— Он? Нет, — помрачнел резко старик. — Его повесили.
***
— Хочешь сказать, что ты — Эммет Джонс?
Уильям и Айви стояли перед прилавком различных инструментов, выкованных из железа и его сплавов, кожаных ремешков, кобур, сумок и подсумков, а довершала всё это коллекция безделушек с поверхности, очищенных и отполированных до состояния зеркал. За прилавком стояла крепкая телом рыжеволосая девушка, фартук на чьем теле выглядел если не откровенно, то точно вызывающе.
— А что? Не похожа?
— Нет, — оба ответили синхронно.
— Хи-хи-хи. Ну, что поделать, верно? Жизнь не всегда оправдывается.
— К тебе подошёл какой-то мужчина, предложил гильзы и указал на настоящего Эммета, верно?
— Ух ты… Если так много знаете — чего пришли ко мне?
— К кому тебя направил этот мужчина, и как он выглядел?
— Ну, не знаю… Не помню, наверное… О! Может, купите что-нибудь? Не смотрите на ценники — я вам назову свою.
Старик пробежался глазами по прилавку — основной ассортимент его не интересовал: клещи, плоскогубцы, ключи разводные, газовые, торцевые, механический домкрат — всё то, несомненно, интересовало бы осевшего выжившего, чьи проблемы были во много раз более приземлёнными и рутинными, но не его, так что в конце-концов он остановился на коллекции побрякушек.
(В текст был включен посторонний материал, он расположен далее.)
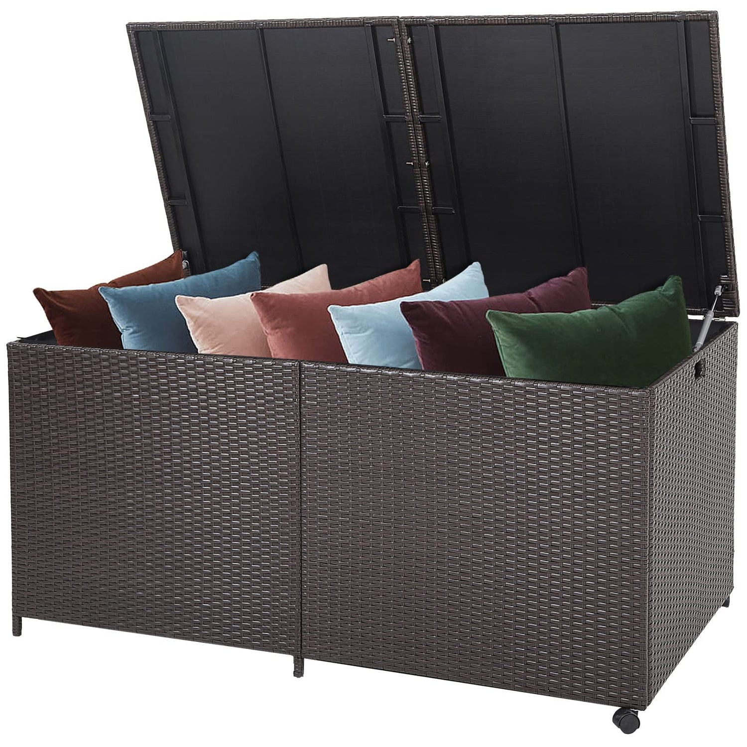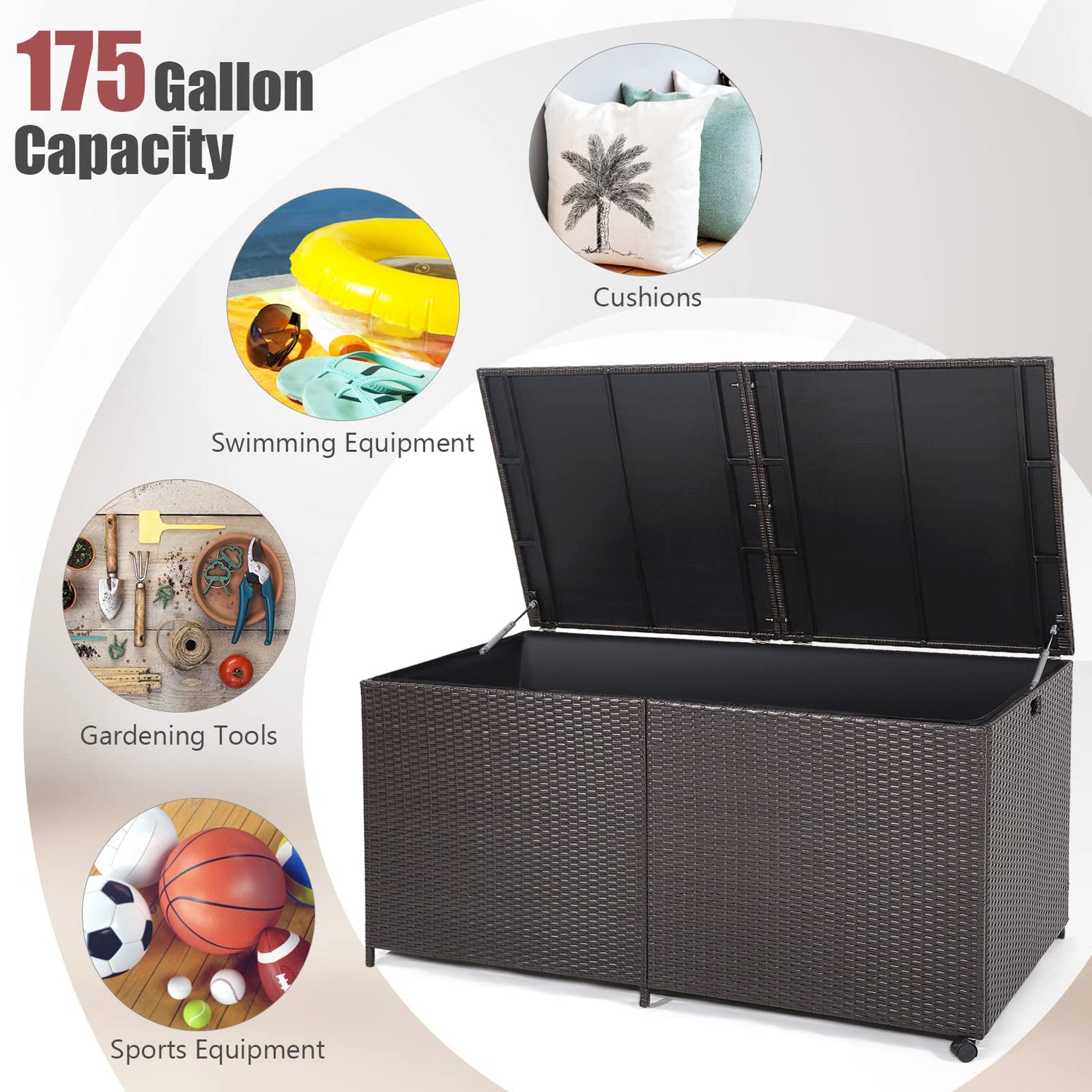 After simple assembly, this outdoor storage box can be moved wherever you want thanks to the cut-out handles and universal wheels. After that, you can open the lid with labor-saving pneumatic rods. Then, the 175 gallon capacity can’t wait to show you how big the inner space is. It can accommodate up to 10 seat cushions (25”L x 27”W x 5”Thickness) and 12 back cushions (25”L x 27”W x 4”Thickness). Zipper up the waterproof liner and cover the lid. The storage has been done. Just leave this deck box outdoors. The colorfast PE wicker will take care of it.

— Заколка. Вон та — с серо-голубым камнем.
— И кто же из вас носить её будет? — рассмеялась та. — О-о-о, теперь поняла — с охоты пришли, да не поймали ничего?
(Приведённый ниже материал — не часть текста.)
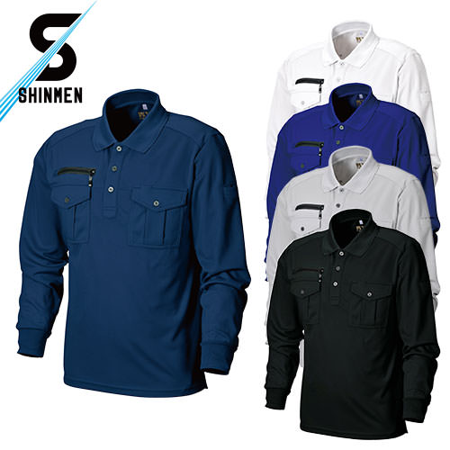 作業服 ポロシャツ 長袖 シンメン ダブルポケット長袖ポロシャツ 7880 作業着 春夏

— Что? Как ты вообще до этого дошла?
— Так ты на себя глянь — грязный весь, лук за плечами, и сынишка твой тоже уставшим выглядит, а Джонс, насколько я знаю, у половины метро денег занял — он же то ли пьянь, то ли игрок где-то в Пиле. Если не выбьешь из него долг — принесёшь любимой заколку — извинение за плохую охоту, да?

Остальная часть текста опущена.